Ну, и что отсюда следует? Это, так сказать, медицинский факт. Только и всего. И делать из него какие-то выводы насчет красоты человеческой души или насчет того, что человек — это звучит гордо, было бы так же глупо, как из того факта, что червяк, разрезанный пополам, продолжает жить и извиваться, заключить, что «червяк — это звучит гордо!».
— Возьму-ка я, тетушка, и разрежу червяка надвое, напополам… И каждая половинка, представьте себе, тетушка, живет в отдельности. Так? Это что же? Это, по-вашему, тетушка, душа раздвоилась? Это что же за такая душа?
— Отстань, — сказала тетушка и испуганно посмотрела на Аполлона Семеновича.
— Позвольте, — закричал Перепенчук. — Нету, значит, никакой души. И у человека нету. Человек — это кости и мясо… Он и помирает, как последняя тварь, и рождается, как тварь… Только что живет по-выдуманному.

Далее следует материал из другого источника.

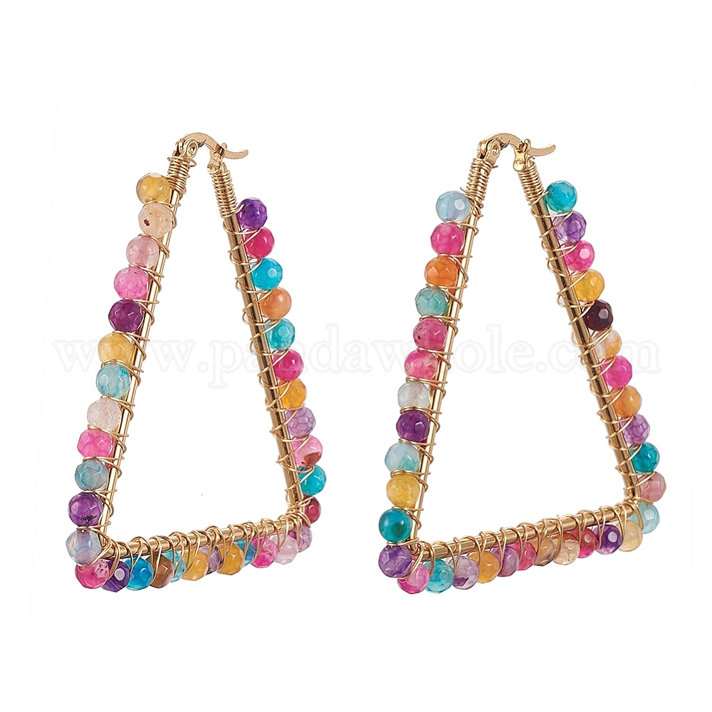 Серьги из 201 нержавеющей стали, с природными драгоценными камнями, треугольные

Вот она — истина, открывшаяся зощенковскому герою.
Произошла ужасная ошибка. Эта ошибка состоит в том, что всю свою жизнь он жил не так, как нужно жить. Жил «по-выдуманному». Эту роковую ошибку совершают все люди, живущие на Земле. Все они живут «по-выдуманному». А им совсем не так надо жить! Пора сбросить с себя это дурное наваждение. Пора, наконец, перестать притворяться:
Может быть, это чересчур грустным покажется некоторым отсталым интеллигентам и академикам, может быть, они через это обратно поскулят, но, поскуливши, пущай окинут взором свою прошедшую жизнь и тогда увидят, сколько они всего накрутили на себя лишнего.
Так рассуждают, так представляют себе устройство мироздания зощенковские герои.

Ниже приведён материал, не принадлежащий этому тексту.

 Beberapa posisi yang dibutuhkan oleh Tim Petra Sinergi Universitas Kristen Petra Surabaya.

Но это — герои. А автор? У него-то, надо полагать, на этот счет совсем другое мнение?
Увы! Примерно так же, даже совершенно так же глядит на мир, на природу человека, на устройство Вселенной и сам Зощенко:
Жизнь, на мой ничтожный взгляд, устроена проще, обидней и не для интеллигентов.
В этой коротенькой фразе, как в зародышевой клетке, — весь Зощенко, со всем своеобразием, со всей неповторимостью созданного им художественного мира.
Но если это так, значит, прав был Борис Парамонов, утверждая, что Зощенко отрицал «условный, фиктивный, мнимостный, а значит, ложный мир культуры» и звал нас вернуться «назад к обезьяне»? И, как он говорит, «в каком-то отношении» прав был Жданов, доклад которого означал, что «революция в России кончилась, изжило себя революционное, культуроотрицающее сознание» и начался «возврат в мир фикций — в мир культуры»?
Нет, конечно!
Утверждая, что жизнь «устроена обидней, проще и не для интеллигентов», поскольку интеллигенты «накрутили на себя много лишнего», Зощенко, как мы уже выяснили, вовсе не звал человека вернуться «назад к обезьяне».
Да и нет у человека этого пути назад. Он для него попросту невозможен.
Как сказал терзавшийся теми же мыслями Мандельштам, «низшие формы органического бытия — ад для человека». Но спуститься в этот ад человеку не дано. Тот, кто любил Моцарта, уже не в силах перестать его любить.
Даже если бы он и захотел вернуться вспять, этот путь уже закрыт для него:
Он сказал: довольно полнозвучья, —
Ты напрасно Моцарта любил.
Наступает глухота паучья,
Здесь провал сильнее наших сил!..
И от нас природа отступила —
Так, как будто мы ей не нужны,
И продольный мозг она вложила,
Словно шпагу, в темные ножны.
И подъемный мост она забыла,
Опоздала опустить для тех,
У кого зеленая могила,
Красное дыханье, гибкий смех.
Подъемный мост не опустится. Человеку нет пути назад. У него свой путь, своя дорога, он должен идти по ней дальше, жить по другим законам. И даже если его существование не было «задумано» с какой-то определенной целью, он должен внести в холодную, пустую, необжитую Вселенную эту цель.